Para los años noventa, los censos registraban 135 millones de ejemplares que nadie quería, pero podían mantener el agua cristalina. Y entonces llegó el apocalipsis. El Mar Menor es un ecosistema de extremos: cuando una especie adquiere una ventaja, se adueña de él; y cuando la pierde, poco menos que desaparece. Sobran ejemplos de estas explosiones seguidas de cuasi extinciones: caballitos de mar, nacras, mújoles… Llegaron las medusas como una plaga bíblica, compitiendo por el alimento con las ostras y comiéndose sus larvas. Los científicos encontraron más de 5000 larvas en el estómago de una sola medusa. Las macroalgas colonizaron (y empobrecieron) el fondo desplazando a las praderas autóctonas y las esponjas perforadoras parasitaron a las ostras adultas… En 2020, apenas quedaban unas pocas supervivientes.
Albentosa lleva trabajando con bivalvos desde 1989 y ha conseguido lo que parecía imposible: cerrar el ciclo de reproducción de las ostras en laboratorio. Una hazaña si se tiene en cuenta la complicada sexualidad de este molusco, que, excepto en su breve época de larva, está pegado a una roca para toda la vida, sin poder moverse ni un centímetro. Su única aventura sexual posible es... consigo misma. Las ostras son hermafroditas, y no de las aburridas que se quedan con un solo sexo. No, van cambiando de macho a hembra y viceversa según les convenga. Durante el verano, cuando las aguas se calientan y las hormonas andan revolucionadas, las ostras dedican hasta el 75 por ciento de su cuerpo a producir óvulos o esperma.
Las ostras reproductoras fueron recogidas de la isla del Barón, las últimas 'mohicanas' que habían resistido décadas de degradación ambiental. En tanques de acondicionamiento, los científicos imitan su ciclo natural elevando la temperatura del agua de 21 a 26 grados hasta que llega la fecundación y el acuario se tiñe de gris con millones de larvas microscópicas. La naturaleza es despiadada: por cada millón de larvas, apenas dos sobreviven hasta adultas.
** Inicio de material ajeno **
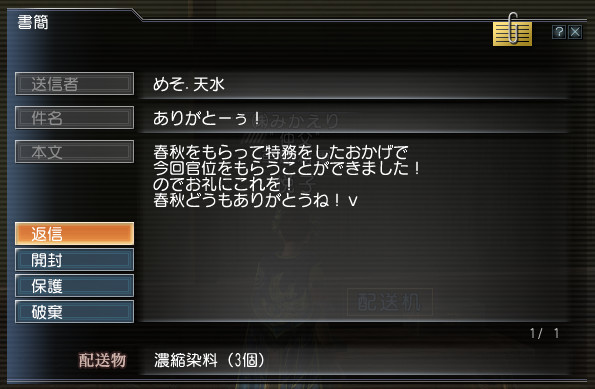 いつものようにサブで春秋を買い、それを悦子の配送しようと思ったら配送できないって出たんですよ。他のサブで悦子に何か送った覚えは無かったのでとりあえず確認しに悦子でINしてみたら…

Pero ahora viene la prueba de fuego: crear el primer arrecife experimental junto a las islas del Barón y Perdiguera, sumergiendo la primera barrera de ejércitos filtradores en el Mar Menor real, no en las condiciones controladas del laboratorio. El reto ya no es solo criar ostras, sino confirmar que serán capaces de adaptarse, formar colonias y sobrevivir a los altos picos de temperatura que se registran en los últimos años. «Hemos tenido mucha mortandad. Por encima de 36 grados no sobreviven», señala Albentosa.
Los antecedentes en otras sitios son positivos. En Suecia, las ostras extrajeron el 20 por ciento del nitrógeno del agua. En Dinamarca, casi una tonelada por hectárea al año. Pero el caso más notable está en Florida. «La bahía de Tampa llevaba treinta años como está el Mar Menor –dice Albentosa–. Allí lo consiguieron». Las ostras no son una varita mágica, y los científicos lo saben. Son una pieza más de un puzle que debe incluir la reducción drástica de nutrientes desde tierra, el control de vertidos y un cambio profundo en nuestra relación con el ecosistema. Pero en cada ostra que sobrevive, en cada larva que completa su metamorfosis y en cada voluntario que 'adopta' ostras para cuidarlas late la promesa de que aún no es demasiado tarde.